-- Recorded information follows --
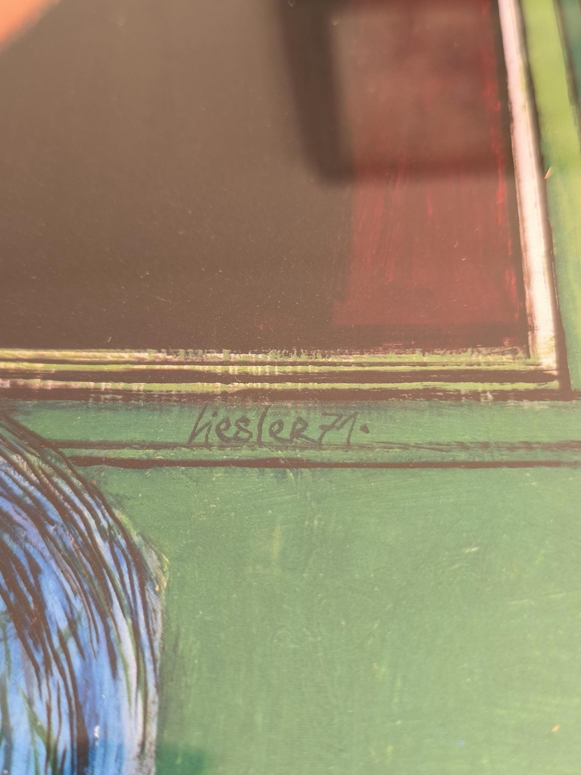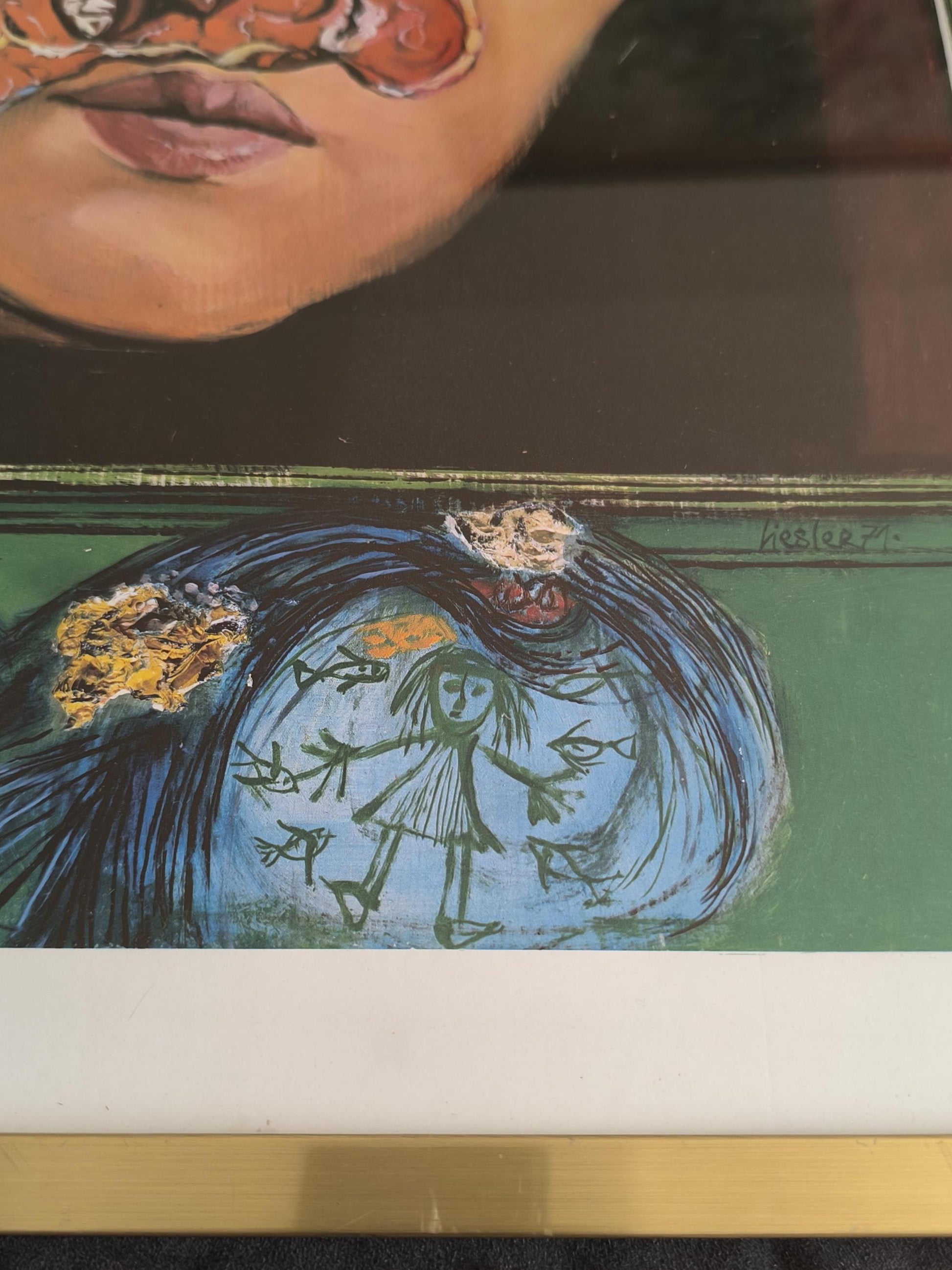 Original etching on cardboard by renowned Czech surrealist Josef Liesler (1912–2005), created in 1971 and signed by the artist. The surreal composition features a stylized female face surrounded by fantastical elements, eyes, and symbolism. Framed, dimensions 52 × 54 cm.
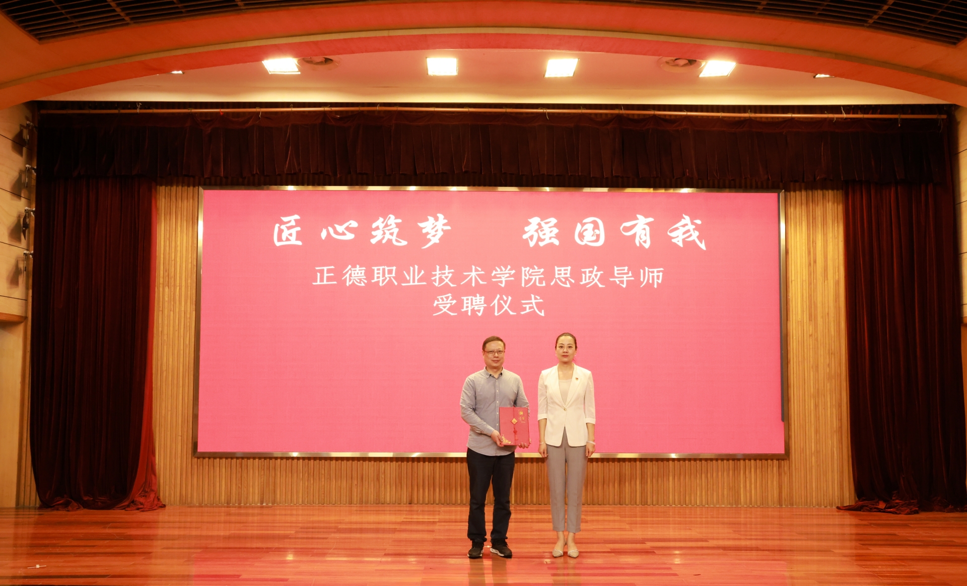 学院聘请胡胜为我院思政导师,梁薇为其颁发聘书。
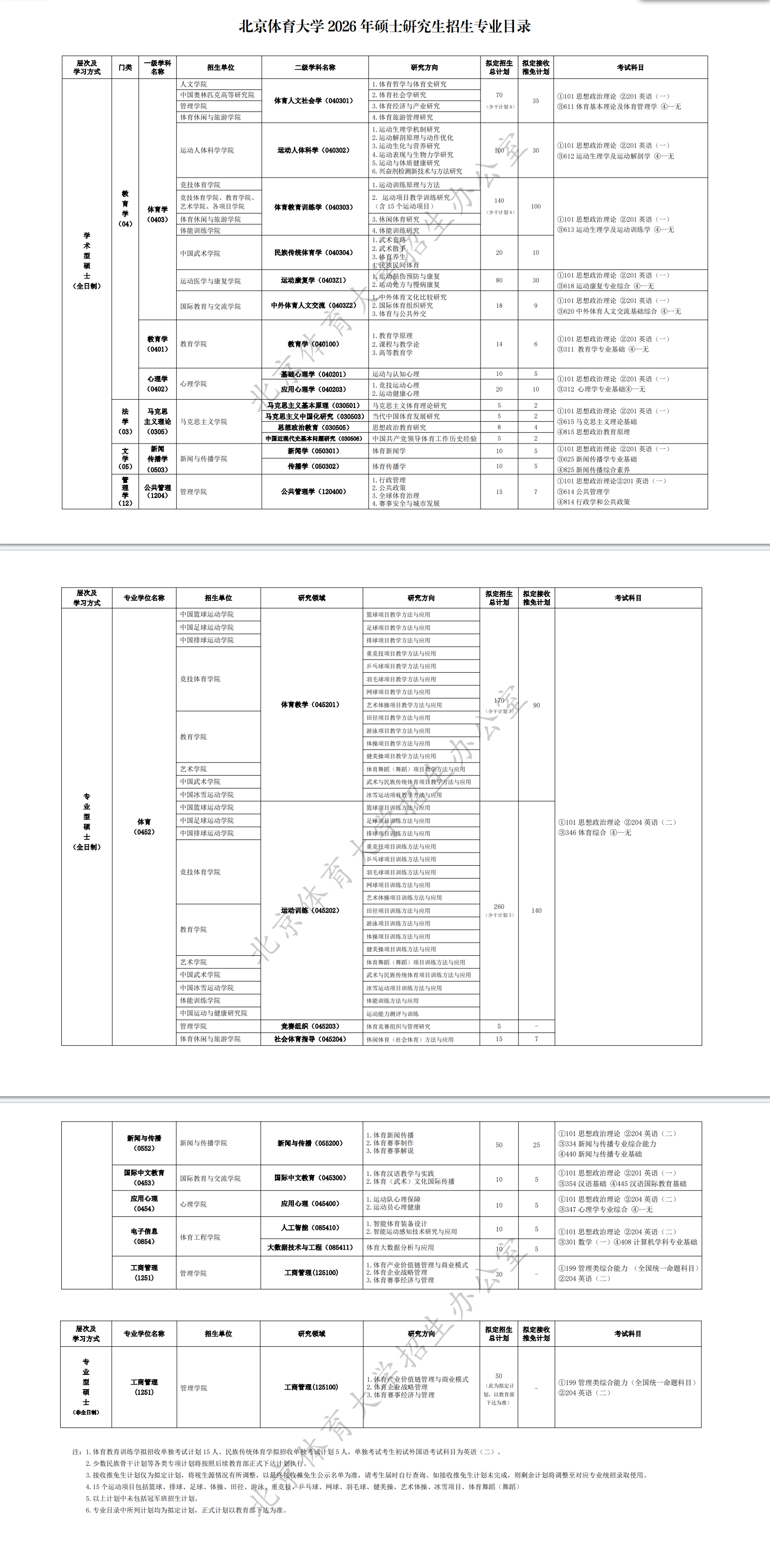 北京体育大学2026年硕士研究生招生专业目录
-- Recorded information concluded --
#### Required action
The listing above should be transcribed word for word, with its pictures left out.

#### Answer for the task
 Original etching on cardboard by renowned Czech surrealist Josef Liesler (1912–2005), created in 1971 and signed by the artist. The surreal composition features a stylized female face surrounded by fantastical elements, eyes, and symbolism. Framed, dimensions 52 × 54 cm.
 学院聘请胡胜为我院思政导师,梁薇为其颁发聘书。
 北京体育大学2026年硕士研究生招生专业目录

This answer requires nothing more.